Jesse Mondry, an attorney with Harris Bricken who represents clients in the cannabis industry and regularly writes on litigation issues involving hemp and CBD, also talked about FDA implications in SRA.

“I think we all, in the hemp industry, know that the FDA has dragged its feet on giving the industry any guidance on CBD,” he said. “That has had a real chilling effect on the growth of the industry. And hopefully, if this were to pass, and the FDA is authorized and even directed to promulgate regulations, that the FDA will get that sorted out faster.”

In addition to TTB and FDA regulatory indications, SRA’s potential impact on requirements revolving around the U.S. Department of Agriculture’s (USDA) relationship to the hemp industry, as well and opening the doors for new players and industry growth, are other examples of the legislation’s reach, Mondry said.

“In theory, [SRA] should allow the USDA to eliminate or reduce the number of regulatory requirements in the licensing process, because many of those are designed to disincentivize and penalize persons who may seek to grow marijuana under the guise of a hemp license,” he said.

Mondry is based out of Oregon, where law enforcement officials and regulators have recently been cracking down on illicit cannabis operations masquerading under hemp licenses.

RELATED: Hemp Field Inspections in Southern Oregon Reveal Staggering Number of Illicit Cannabis Operations

“The USDA expressly states that a number of its reporting requirements are so bad the Farm Service Agency may provide accurate and real-time information to law enforcement, particularly federal law enforcement,” Mondry said. “That sort of need and that impetus should be substantially eliminated, and … it should have the effect of lessening the regulatory burden on hemp farmers.”

Also a potential domino effect of cannabis being removed as a Schedule I drug from the Controlled Substance Act would be protections for hemp labs that still fall under the U.S. Drug Enforcement Administration’s (DEA) authority, Mondry said.

DEA officials maintain that any material containing more than 0.3% delta-9 THC on a dry-weight basis is still classified as a Schedule I substance, and therefore certain stages of hemp extraction can be viewed as non-compliant. During certain stages of refinement, the THC levels of intermediary hemp materials are concentrated, meaning they are above the legal THC limit, before they are remediated further to a final, THC-compliant product in the extraction process.

As it stands, the DEA maintains some jurisdiction over hemp. Under the USDA’s final rule, which went into effect in March, hemp testing labs are required to obtain DEA certification by the end of 2022. So far, labs all across the country have obtained this certification.

“The USDA has incorrectly, in my view, sought to impose this DEA certification program on hemp testing labs,” Mondry said “I think ending that requirement would help end the bottleneck at this testing level and allow the hemp CBD industry to scale up. That’s just one way to do that.”

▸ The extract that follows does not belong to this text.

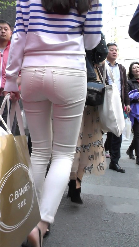 【编号1099】街拍苗条白裤紧臀美女逛街

In the broader reform picture, Mondry said an end to federal cannabis prohibition “might” result in an increased entry of participants into the hemp market.

“[That includes people] who previously stayed on the sidelines and refrained from entering the hemp market because of the connection and association with marijuana,” he said. “And I’m thinking here, Wall Street investment firms, banks, large agribusiness, major manufacturers of food and beverage products. So, I think if the States Reform Act were to pass, we could see the hemp market really pick up and really grow rapidly. That’s sort of my take on it.”

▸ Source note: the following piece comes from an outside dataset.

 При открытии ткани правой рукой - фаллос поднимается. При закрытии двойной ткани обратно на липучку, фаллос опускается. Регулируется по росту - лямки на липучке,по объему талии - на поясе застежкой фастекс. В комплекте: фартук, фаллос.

Mondry said he was more pleased than surprised when Mace, a Deep South Republican, introduced federal cannabis legislation. SRA represents a growing corps of voices from both sides of the political spectrum to end prohibition, he said.

Hauser said much of the same.

“I thought it was really positive,” she said about Mace’s SRA introduction. “I think the bipartisan support will really move the needle, and it’s representative of where the public is as far as supportive regulation, and … there’s a need for reform and a tax-and-regulate system, and that’s something both sides of the aisle agree on.”